Kitabın üçüncü bölümü “Sinciang'ın Eyalet Sistemi ile Yönetilmesi” adını taşıyor ve 18. yüzyılın ikinci yarısından yani Qing Hanedanı’nın Çin İmparatorluğu’nun yönetimine geçmesinden 20. yüzyılın ortalarına, halkın Çin Komünist Partisi önderliğinde Japon işgaline karşı verdiği savaşa kadar olan tarihi gelişmeler anlatılıyor bu bölümde. İç karışıklıklara son vermek amacıyla önce askeri yönetimin kurulması ve il-ilçe sistemine geçilmesi, istikrarın sağlanmasından sonra askeri yönetimin yerini sivil yönetime terk etmesi ve bunların sonunda yaşanan refah dönemi bu bölümün ilk alt başlıklarını oluşturuyor. Yazar, “19. yüzyılın ilk yarısına gelindiğinde, dış ortamın değişmesi ve bölgedeki iç toplumsal sorunların artması nedeniyle Sinciang, gittikçe şiddetlenen çalkantılar içine sürüklendi” diyerek kitabın ilerleyen bölümlerinde anlatılacaklara sert bir pas atıyor.

Emperyalizmin ve Dini Gericiliğin Uygurları Kullanması
Kitap, Sinciang’da, 19. yüzyılın ikinci yarısında yaşanan geniş çapta isyanları her yönüyle ele alıyor.

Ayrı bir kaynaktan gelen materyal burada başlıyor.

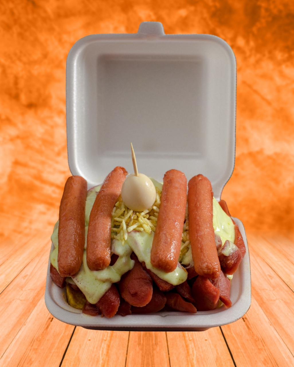 Salchicha, papa, queso, ripio, ranchera, tocineta, huevito de codorniz y salsa a elegir.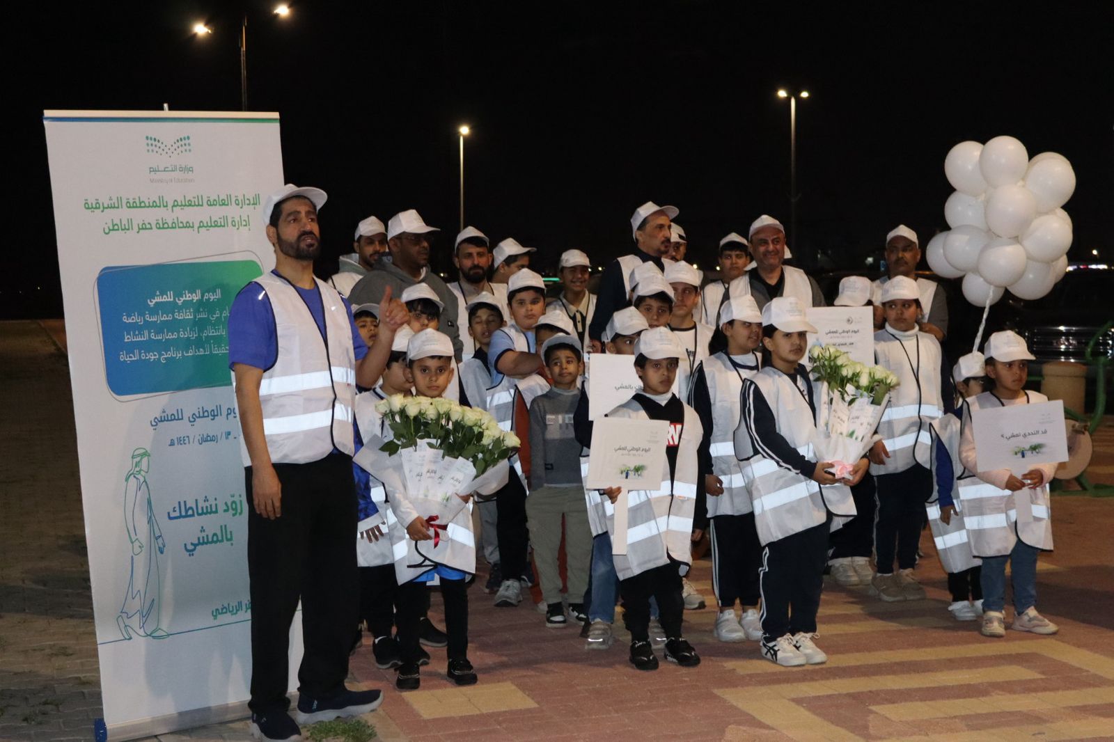 فعلت إدارة تعليم حفرالباطن فعالية "قد التحدي تمشي" تزامناً مع اليوم الوطني للمشي بمشاركة القيادات التعليمية والمدارس ويأتي ذلك للمساهمة في نشر ثقافة ممارسة رياضة المشي في المجتمع وتحقيقاً لأهداف برنامج جودة الحياة ، حيث تم في البداية شرح لأهمية المشي وطرق المشي الصحيحة والتعريف الفوائد الصحية ثم انطلقت مسيرة المشي بحضور الطلاب والطالبات .

Kitapta bu isyanların sonucu gerici feodal kölelik sistemine ağır darbe vurulduğu ve toplumsal gelişim hızlandığı anlatılırken; “Genellikle halkın kendiliğinden başlattığı, birleşik bir komuta ve ciddi bir örgütlenmeden yoksun olan, üstelik dini ve etnik önyargıların etkisinde kalan bu isyanlar, kısa süre sonra feodal ağalar ve bazı dini liderlerin aleti durumuna düştü, isyanların amacı ve niteliği de hızla değişti” diyen Li Sheng bundan sonra yaşanacak olan büyük kıyımların da haberini veriyor. Bu bölümde yaşanan iç çatışmalarda dinin etkisini görmeye başlıyoruz. İktidar mücadelesinin İslamiyet bayrağının arkasına gizlenmesi bin yıllardır beraber yaşayan Sinciang'daki her etnik gruptan halka nasıl büyük acı çektiriyor, bu bölümde öğreniyoruz. Zayıflayan Sinciang’ın Çarlık Rusya’sı, İngiltere ve Fransa’nın iştahını kabartması da yine bu bölümün başlıca konuları arasında yer alıyor. Büyük mücadeleler ve emperyalist devletlerin aralarındaki çekişmeler sonucunda 19. yüzyılın sonlarına doğru Qing Hanedanı yeniden Sinciang’ı kontrolü altına alıyor ve ilk kez “eyalet sistemi”ni kuruyor. Bölüm, eyalet sisteminin kuruluşu ve ekonominin canlandırılması için tarım, ticaret, madencilik, haberleşme alanlarında yapılan yatırımların anlatılmasıyla devam ediyor. Ancak Sinciang’da sular bir türlü durulmuyor ve bu kez da askeri diktatörlükle sonuçlanacak bir sürece giriliyor. Diktatörlük, halkı kontrol edebilmek için dine sarılıyor ve durum yine kontrolden çıkıyor. 1930’lara gelindiğinde bir yandan SSCB Sinciang’la yakından ilgilenmeye başlarken diğer yandan Çin Komünist Partisi (ÇKP) de bu bölgede örgütlenme çalışmalarına ağırlık vermeye başlıyor. Kitabın bu bölümü ÇKP’nin bütün etnik azınlıklardan halkı bir arada örgütlemesi ve Japon işgaline karşı verilen mücadelede ön saflardaki yerinin anlatılmasıyla son buluyor.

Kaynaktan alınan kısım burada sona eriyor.